In the publication [1] we implemented anonymization and synthetization techniques for
a structured data set, which was collected during the HiGHmed Use Case Cardiology
study [2]. We employed the data anonymization tool ARX [3] and the data synthetization framework ASyH [4] individually and in combination. We evaluated the utility and shortcomings of the different approaches by statistical analyses and privacy risk assessments. Data utility was assessed by computing two heart failure risk scores (Barcelona BioHF [5] and MAGGIC [6]) on the protected data sets. We observed only minimal deviations to scores from the original data set. Additionally, we performed a re-identification risk analysis and found only minor residual risks for common types of privacy threats.
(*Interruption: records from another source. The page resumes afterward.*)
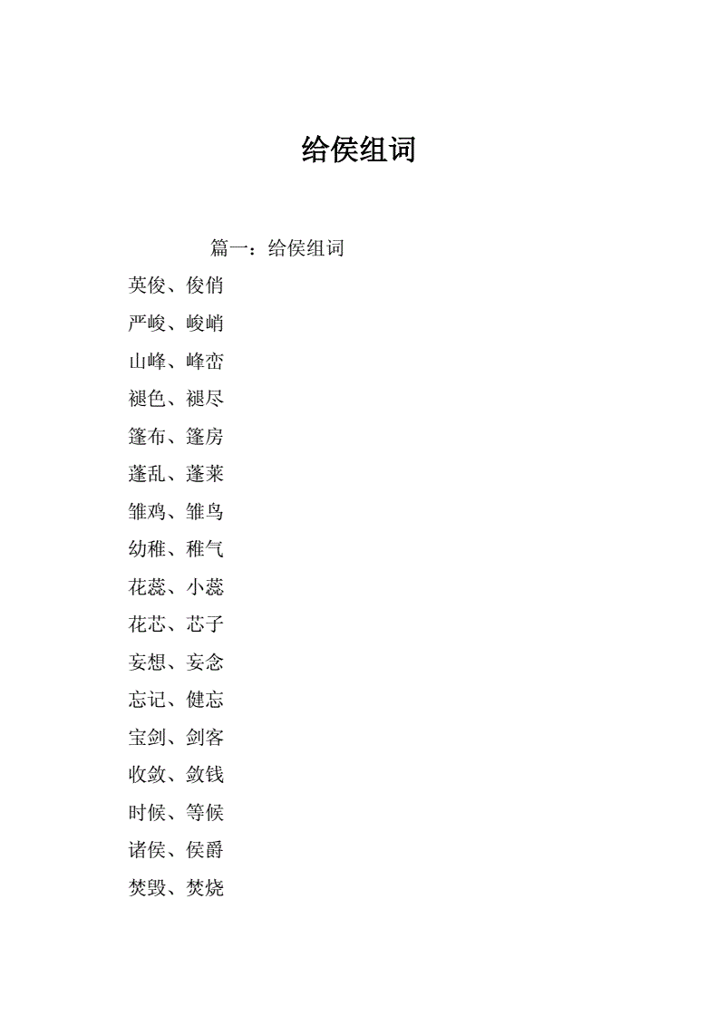侯怎么组词:(1)万户侯、侯门、王侯、夏侯、五侯蜡烛、酇侯、侯甸、都乡侯、诸侯王。(2)马上封侯、留侯、故侯、素侯、君侯、侯家、七贵五侯、亭侯、侯伯。
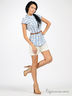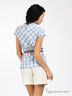Легкая хлопковая блуза из приятного на ощупь материала. Отложной воротник на стойке. Застегивается на планку с пуговицами. Короткие рукавчики, окантованные атласной лентой. Накладной карман на груди. Часть спинки посажена на многорядную резинку.
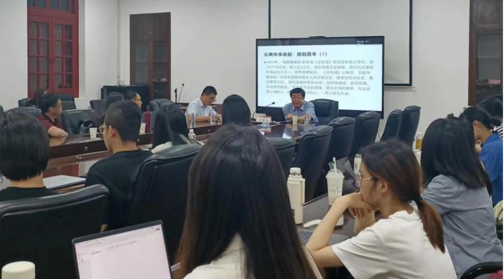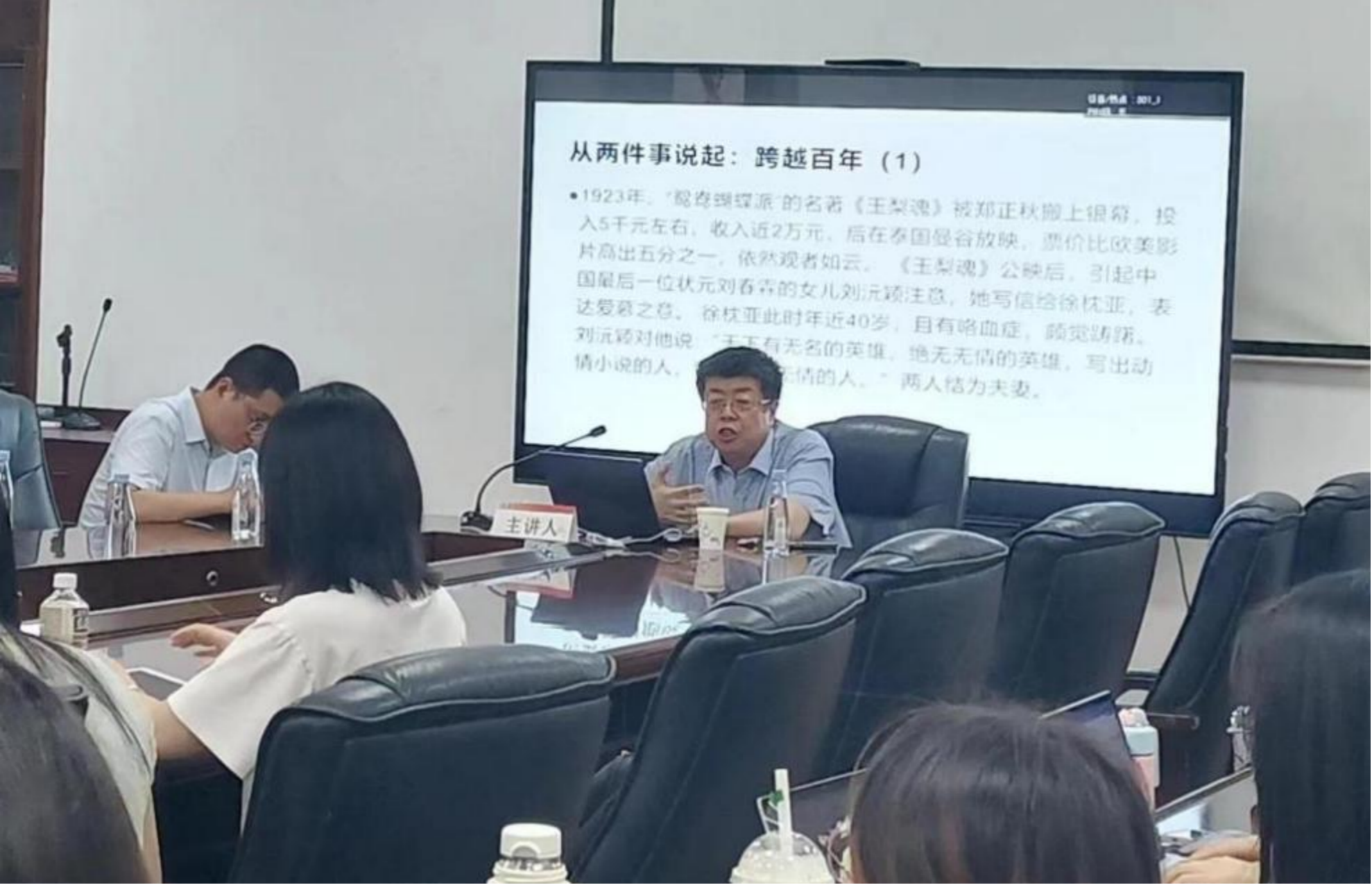 随后,讲座正式开始。张教授以《玉梨魂》、《流浪地球》两部文学作品跨越百年的呼应为始,对两部作品进行对照,指出这一百年的跨越是对“现代”问题的呼应,与面临的当下相关联。接着张教授从跨媒介与跨语境的延伸两个方面讲述改编的意义,并引出当下我们所讨论的改编的含义,回应讲座的主题。张教授也多次提到金宇澄《繁花》的改编,以其为典例,揭示改编的“死”与“活”,并从《繁花》的情节、人物等设定的根本改动表明当下改编最重要的呈现,得出影视与文学各自发展、各有交集的结论。张教授在讲述过程中不仅关注到文学与改编之间关系的变化,探讨中国影视和文学关系的多样化、复杂化,还聚焦到当下影视与文本的新形态,在广阔的视野中探索出文学与影视平行和交叉的延伸关系,令师生受益匪浅。
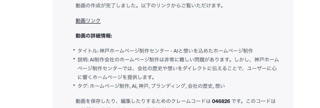 動画のリンクがはられていますね。「クレームコード」は、動画を編集するときに使用します。では、どんな動画ができたのかをみてみましょう。
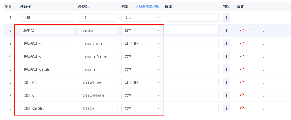 动态数据集中添加固定的字段,如创建人、修改人、创建时间、修改时间等
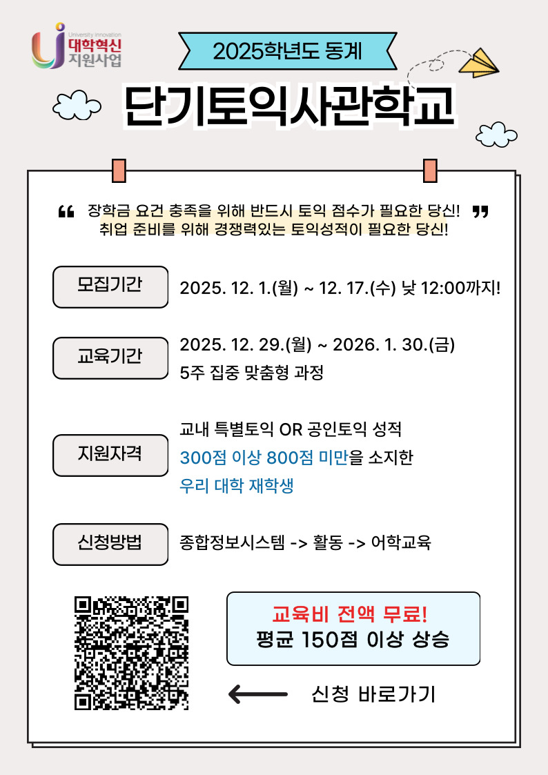 ★토익점수 300점부터 지원 가능★ 2025 동계 단기토익사관학교 안내(교육비 무료)
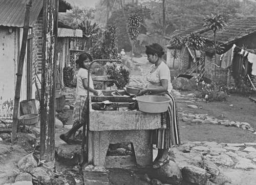 Two Mayan girls wash dishes at a pila (outdoor trough) because their homes on a finca (plantation) lack running water. For many women in rural villages, washing dishes and clothes together at a community pila is their primary time to socialize.

We could demonstrate that anonymization and synthetization methods protect privacy while retaining data utility for heart failure risk assessment. Both approaches and a combination thereof introduce only minimal deviations from the original data set over all features. While data synthesis techniques produce any number of new records, data anonymization techniques offer more formal privacy guarantees. Consequently, data synthesis on anonymized data further enhances privacy protection with little impacting data utility. We hereby share all generated data sets with the scientific community through a use and access agreement.
[1] Johann TI, Otte K, Prasser F, Dieterich C: Anonymize or synthesize? Privacy-preserving methods for heart failure score analytics. Eur Heart J 2024;. doi://10.1093/ehjdh/ztae083
[2] Sommer KK, Amr A, Bavendiek, Beierle F, Brunecker P, Dathe H et al. Structured, harmonized, and interoperable integration of clinical routine data to compute heart failure risk scores. Life (Basel) 2022;12:749.
[3] Prasser F, Eicher J, Spengler H, Bild R, Kuhn KA. Flexible data anonymization using ARX—current status and challenges ahead. Softw Pract Exper 2020;50:1277–1304.
[4] Johann TI, Wilhelmi H. ASyH—anonymous synthesizer for health data, GitHub, 2023. Available at: https://github.com/dieterich-lab/ASyH.
[5] Lupón J, de Antonio M, Vila J, Peñafiel J, Galán A, Zamora E, et al. Development of a novel heart failure risk tool: the Barcelona bio-heart failure risk calculator (BCN Bio-HF calculator). PLoS One 2014;9:e85466.
[6] Pocock SJ, Ariti CA, McMurray JJV, Maggioni A, Køber L, Squire IB, et al. Predicting survival in heart failure: a risk score based on 39 372 patients from 30 studies. Eur Heart J 2013;34:1404–1413.